А «Скорая» уже едет (сборник) - Ломачинский Андрей Анатольевич
– Нет их, – сказала Юлия, бледная, с некрасивым румянцем на щеке.
– Простите?
– Вен нет. Нигде нет. Со стажем уже… гаденыш.
Больной дышал все хуже, и синева все гуще обступала его лицо. Я такое видел, и не раз. Видел однажды, как все заканчивается, а заканчивается следующим образом – будет короткий, хлюпающий вдох, затем он задвигает челюстью, словно жуя что-то, и затихнет уже навсегда.
– Кислород… – услышал я голос ангела, и такие жалкие, почти молящие нотки послышались мне в нем, что ступор мой прошел мгновенно.
– Обойдется. Штаны спускай с него.
– Как – штаны?
Пальцы врача уже возились с нелепо большой пряжкой, и, кажется, они дрожали… Ведь мой ангел молод, очень молод, внезапно осенило меня, и вся эта черствость и придирчивость – напускная, боится она, потому и просила себе опытного, не такого, как я. Откуда ей знать…
Я грубо согнул тонкую, с выпуклыми коленями, ногу лежащего, сдвинул вбок – вот он, «колодец», а как же!
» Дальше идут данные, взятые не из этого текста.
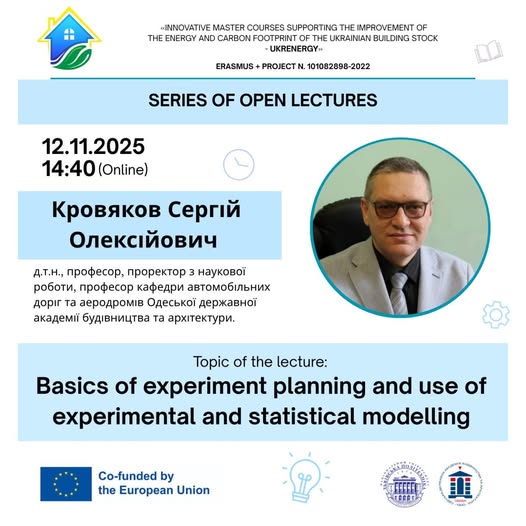 У рамках реалізації проєкту UKRENERGY Одеська державна академія будівництва та архітектури запрошує на онлайн лекцію Кровякова Сергія Олексійовича, доктора технічних наук, професора, проректора з наукової роботи, професора кафедри автомобільних доріг та аеродромів.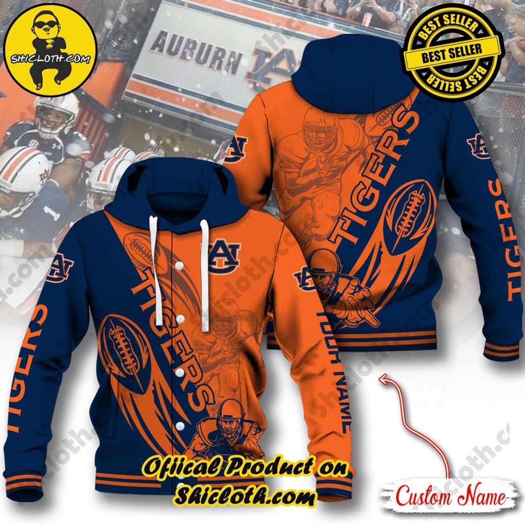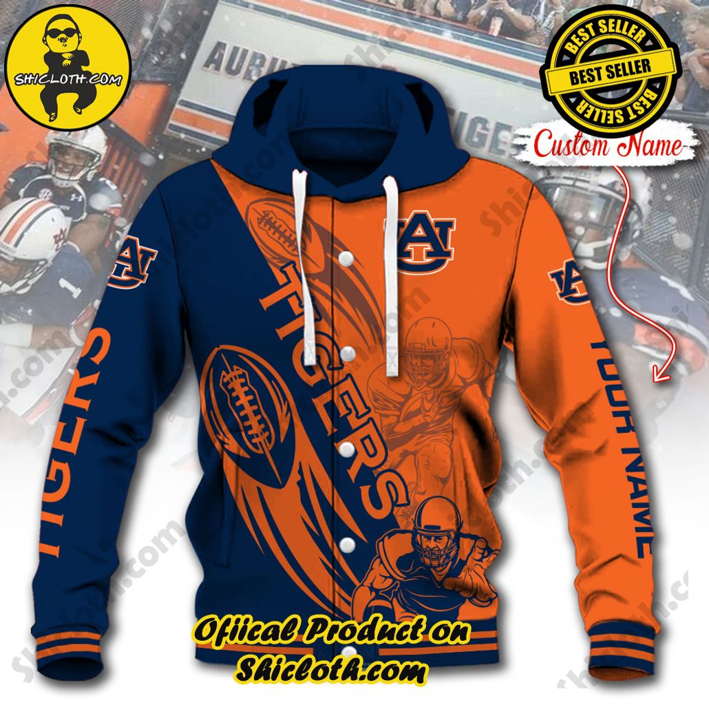 Overview of the NCAA Auburn Tigers Custom Name Baseball Jacket Hoodie:

Крупная язва в паху, неловко прижженная сигаретами, сплошной, незаживающий рубец, от которого по паховой складке вверх уходил тяж выпирающих из-под бледной кожи увеличенных лимфоузлов. Пальцы привычно легли на цилиндр шприца, взбухла капля налоксона на срезе иглы, устремившемся туда, в смрадную глубину раны.
– Куда… куда? – услышал я сзади. – Игорь… там артерия, нерв рядом!
Да-с, артерия, нерв. Мне ли не помнить первых опытов, когда игла начинала пульсировать, в шприц само, без оттягивания поршня, вплывало настойчивое кровавое облачко, а поршень упруго толкался в палец… Я мотнул головой, прогоняя поганое видение. Пустое оно, вся моя прошлая жизнь – пустая, а эта, новая – настоящая, пусть в ней и есть место золотым очкам Игнатовича и его коварному голосу, но ей и только ей я хочу жить, пока рядом со мной будет светлый ангел, избавивший меня от пьяной, черной гадости.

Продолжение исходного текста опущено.